The first task for the architects was to remove the loft roof and the garage adjoining the house, then add timber annexes at the top and sides. The project presented some major challenges, such as doubling the living space while reducing the building’s energy use, and finishing the project while the parents were still living on the ground floor. Set at the foot of the Alps, the architects also aimed to maximise the house’s views over scenic Lake Constance.
Open plan split level interior
As part of the renovation, the building was wrapped with Isover façade insulation plates. It boasts excellent airtightness for a renovation — 0.80 m3/h/m2 — and excellent U-values of 0.22 W/m2K for walls and 0.13 W/m2K for the roof. The renovation slashed the building's energy use by 70%.
The award ceremony
Weissmatten, Gressoney Saint Jean, Italian Alps
Architect: Carlo Mollino (1954), Guido Callegari & team from Torino Polytechnic (2010)
The experimental Casa Capriata — designed by prominent 20th-century Italian architect Carlo Mollino in 1954 — was never completed. Fifty years later, proposals were made to complete the project, and the tree-like building will be opened as an Alpine refuge dedicated to Mollino this summer.
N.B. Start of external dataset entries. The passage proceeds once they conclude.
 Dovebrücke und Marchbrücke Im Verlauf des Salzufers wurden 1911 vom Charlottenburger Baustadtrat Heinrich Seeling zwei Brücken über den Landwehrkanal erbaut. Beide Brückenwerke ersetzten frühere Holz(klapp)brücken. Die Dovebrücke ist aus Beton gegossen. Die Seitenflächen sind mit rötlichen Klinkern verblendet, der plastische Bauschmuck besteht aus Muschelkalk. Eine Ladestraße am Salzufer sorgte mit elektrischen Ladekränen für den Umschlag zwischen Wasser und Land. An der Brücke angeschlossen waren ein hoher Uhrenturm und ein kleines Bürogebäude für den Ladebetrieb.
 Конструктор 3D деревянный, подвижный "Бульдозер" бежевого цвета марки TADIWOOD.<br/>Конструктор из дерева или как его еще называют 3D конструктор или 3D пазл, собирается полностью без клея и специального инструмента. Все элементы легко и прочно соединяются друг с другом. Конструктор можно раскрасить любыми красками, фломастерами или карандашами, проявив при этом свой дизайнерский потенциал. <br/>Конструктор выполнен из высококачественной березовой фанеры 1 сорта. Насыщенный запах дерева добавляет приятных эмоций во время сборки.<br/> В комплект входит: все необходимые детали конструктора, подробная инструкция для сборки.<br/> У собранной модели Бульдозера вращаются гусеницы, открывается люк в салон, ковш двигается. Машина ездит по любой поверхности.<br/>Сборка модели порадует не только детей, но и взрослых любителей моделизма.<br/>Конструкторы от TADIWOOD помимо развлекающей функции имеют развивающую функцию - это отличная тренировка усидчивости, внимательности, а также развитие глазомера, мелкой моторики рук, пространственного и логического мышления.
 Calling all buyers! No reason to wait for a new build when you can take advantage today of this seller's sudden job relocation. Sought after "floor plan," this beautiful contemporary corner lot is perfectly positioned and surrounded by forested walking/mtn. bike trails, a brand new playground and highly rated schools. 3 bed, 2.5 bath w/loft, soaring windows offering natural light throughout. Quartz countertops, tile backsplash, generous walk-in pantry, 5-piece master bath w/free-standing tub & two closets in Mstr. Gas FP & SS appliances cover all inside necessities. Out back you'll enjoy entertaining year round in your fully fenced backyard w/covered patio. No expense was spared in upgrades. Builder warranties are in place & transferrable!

All architectural, structural, technological and plant engineering aspects have been designed to fit with Mollino’s original plans. The building was designed to have a space heating demand of less than 10kWh/m2/yr, achieving the CasaClima certification system’s class A gold standard. The walls, roof and floor have U-values under 0.1 W/m2K, and the building has an airtightness of 0.6 W/m2K.
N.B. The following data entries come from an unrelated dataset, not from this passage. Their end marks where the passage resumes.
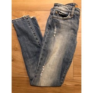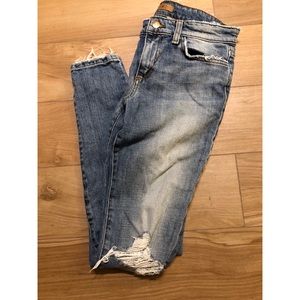 Only worn once! Joe’s Rolled Skinny Ankle Jeans in Cooper wash in a size 27. I unrolled them for a more modern look. These run small - the website says a 27=4 and they have a 30” inseam. Not a ton of stretch but super cute and look brand new! (Apologies for the bad lighting - the website photo shows the most accurate color!)
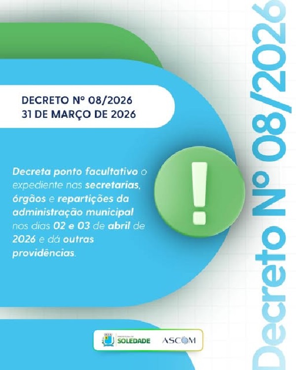 DECRETA FÉRIAS COLETIVAS EM SETORES DA PREFEITURA MUNICIPAL DE SOLEDADE E DÁ OUTRAS PROVIDÊNCIAS.
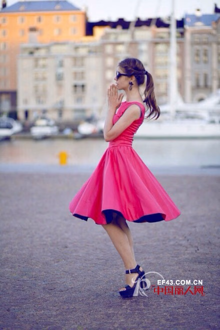 玫红色,一款女生都喜欢的颜色,这款连衣裙的版型就是上小下大的款式,上身的修身设计拼接下摆的蓬蓬造型,伞裙的形式设计配上黑色高跟鞋,绝对很显气质,扎上马尾街头风格尽显魅力。
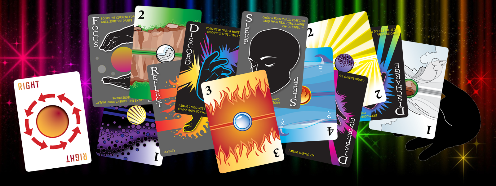Play Chaos cards to change the Force in play at any time. Most have additional effects as well. Disperse forces all other players to draw a card. Dispense allows you to hand out cards to opponents from your own hand, though you must draw an equal number to replace them. Discharge forces the next player to draw double the number of cards. Discord allows players with too many cards to discard a couple and players with only a few cards to draw an extra. Lastly, Dispel allows the player to call a particular Force and all players may discard those cards.
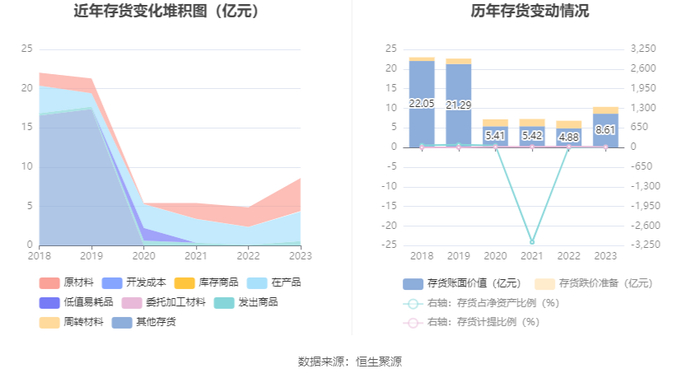从存货变动来看,截至2023年年末,公司存货账面价值为8.61亿元,占净资产的18.52%,较上年末增加3.74亿元。其中,存货跌价准备为1.75亿元,计提比例为16.9%。

A recent computer drawing shows the tree-like structure
Even Mollino’s original design aimed to minimise heat loss — essential for a building 2,100m high in the mountains. The Alps have become an experimental area in terms of the design of energy-efficient buildings — the region’s extreme climate and difficulty of access have prompted experiments with energy-autonomous buildings. The Casa Capriata project is based on Isover’s Multi Comfort House concept, using generous thermal insulation, high performance windows, super-airtightness and heat recovery ventilation to maximise comfort and energy performance. The hut’s main sources of heat are the sun and heat recovered from recycled air. Botanical engineering also plays a role in this experimental building, with wastewater treated with a photo-purification, plant-based system.
Originally designed by Italian architect Carlo Mollino in 1954, Casa Capriata building is finally set for completion this year
Noain City Hall, Noain, Spain
Architect: Zon-E Architects
Noain City Hall in Spain features a double-skinned facade – the inner layer is translucent polycarbonate that lets natural light in, while the outer layer is a metal latticework that will support the Virgina Creeper vine, which will cover the facade and help prevent overheating inside during the summer, then turn red in Autumn, and finally shed its leaves and let sunlight in during the winter. Bound on one side by a desolate city square and on the other by a park, the building is designed to act as a mediating agent between these two contrasting urban landscapes
Noain City Hall was designed by Zon-E architects to be a “changing landscape” — one that follows the natural course of the days and seasons. The building was constructed in two layers — the inner layer is formed by a double translucent polycarbonate skin that lets natural light in, while the outer skin is a metal latticework over which vegetation can grow, altering the appearance and colours of the building throughout the year.
The Virginia Creeper vine will climb and cover the façade during the summer, protecting the building from solar radiation and acting as a cooling device. After turning spectacular shades of red in the autumn, it will drop its leaves in the winter, allowing sunlight to filter through and heat the double inner skin.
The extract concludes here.